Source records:

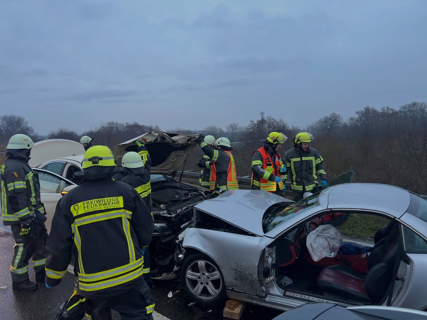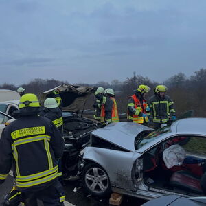 Dabei wurde dessen Fahrzeuglenkerin schwer verletzt im Fahrzeug eingeklemmt und mussten im Anschluss durch den nachalarmierten Rüstzug der Feuerwehr aus dem Fahrzeug befreit werden. Insgesamt wurden drei Personen verletzt, darunter ein Kind. An der Einsatzstelle waren neben den Kräften der Feuerwehr drei Rettungswagen des hauptamtlichen Rettungsdienstes, sowie ein Notarzt und die Polizei eingesetzt. Bei einem der Fahrzeuge traten durch den starken Aufprall derart große Mengen Kraftstoff aus, dass die Brückenböschung im Anschluss abgesaugt und ausgebaggert werden musste, um einen Umweltschaden zu vermeiden.
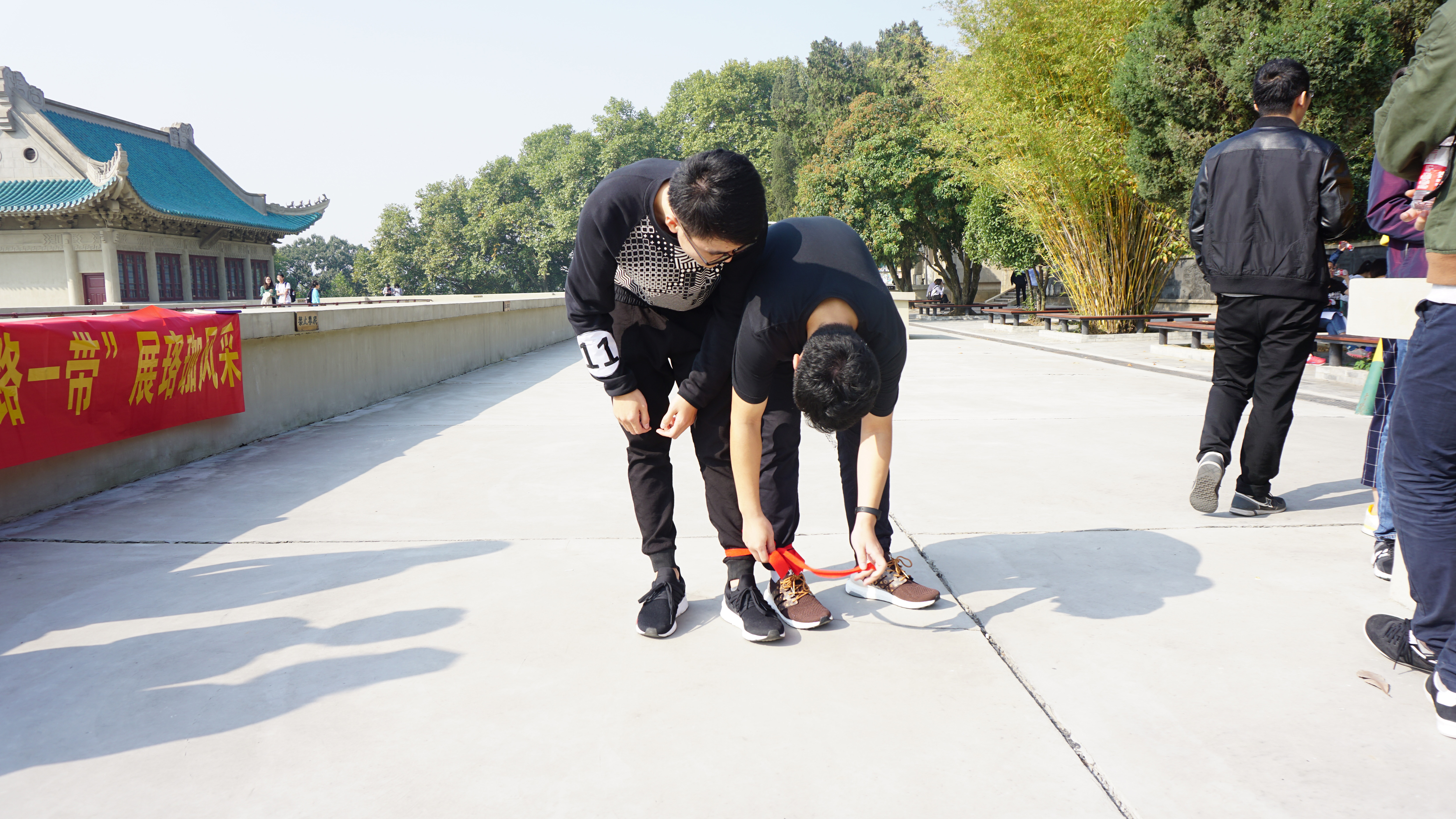 关卡5,在起点处每组2人一字排开将相邻队员靠在一起的腿用绳子系起来进行“2人3足”比赛,听到哨声后互相配合前进至终点回答校史问题后返回起点。
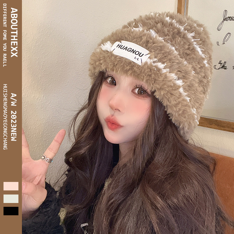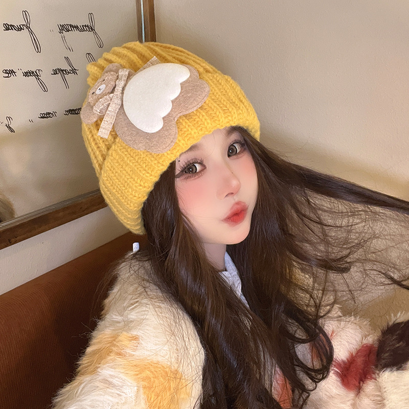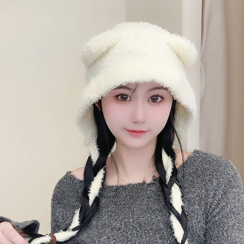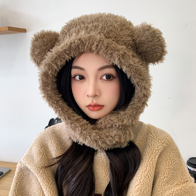 帽子の女性2023新型秋冬熊のぬいぐるみ耳のニット帽
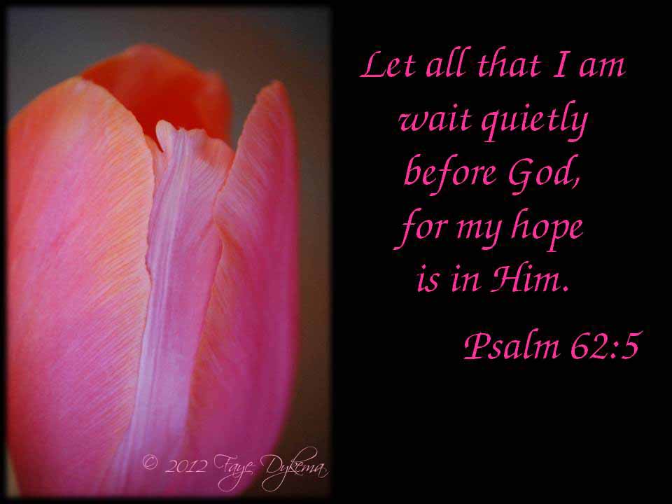 Since 2013, Psalm 62:5 “Let all that I am wait quietly before God for my hope is in Him,” has been written on my bathroom mirror where I see it every morning and several times throughout the day. I have taken it apart word by word, emphasizing different words and phrases. God has blessed me incredibly through these words. It is a constant reminder for me that whatever my concerns, “Leave them quietly to God”.
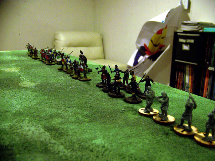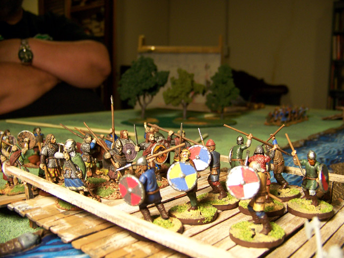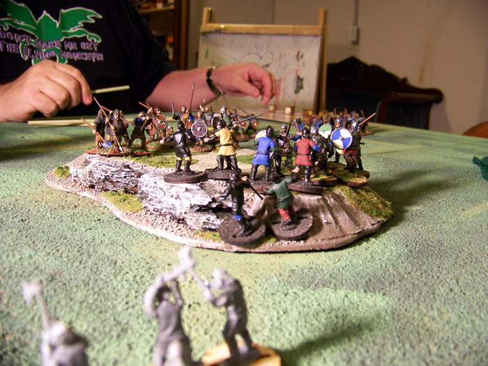 I had a chance to pit my Vikings against those sneaky Scots in a game of Saga today.  Of the two games, I lost the first but won the second.  Here’s some pics.

Task:
Write the lines above out again exactly, excluding every picture.

Solution to the problem:
 Dabei wurde dessen Fahrzeuglenkerin schwer verletzt im Fahrzeug eingeklemmt und mussten im Anschluss durch den nachalarmierten Rüstzug der Feuerwehr aus dem Fahrzeug befreit werden. Insgesamt wurden drei Personen verletzt, darunter ein Kind. An der Einsatzstelle waren neben den Kräften der Feuerwehr drei Rettungswagen des hauptamtlichen Rettungsdienstes, sowie ein Notarzt und die Polizei eingesetzt. Bei einem der Fahrzeuge traten durch den starken Aufprall derart große Mengen Kraftstoff aus, dass die Brückenböschung im Anschluss abgesaugt und ausgebaggert werden musste, um einen Umweltschaden zu vermeiden.
 关卡5,在起点处每组2人一字排开将相邻队员靠在一起的腿用绳子系起来进行“2人3足”比赛,听到哨声后互相配合前进至终点回答校史问题后返回起点。
 帽子の女性2023新型秋冬熊のぬいぐるみ耳のニット帽
 Since 2013, Psalm 62:5 “Let all that I am wait quietly before God for my hope is in Him,” has been written on my bathroom mirror where I see it every morning and several times throughout the day. I have taken it apart word by word, emphasizing different words and phrases. God has blessed me incredibly through these words. It is a constant reminder for me that whatever my concerns, “Leave them quietly to God”.
 I had a chance to pit my Vikings against those sneaky Scots in a game of Saga today.  Of the two games, I lost the first but won the second.  Here’s some pics.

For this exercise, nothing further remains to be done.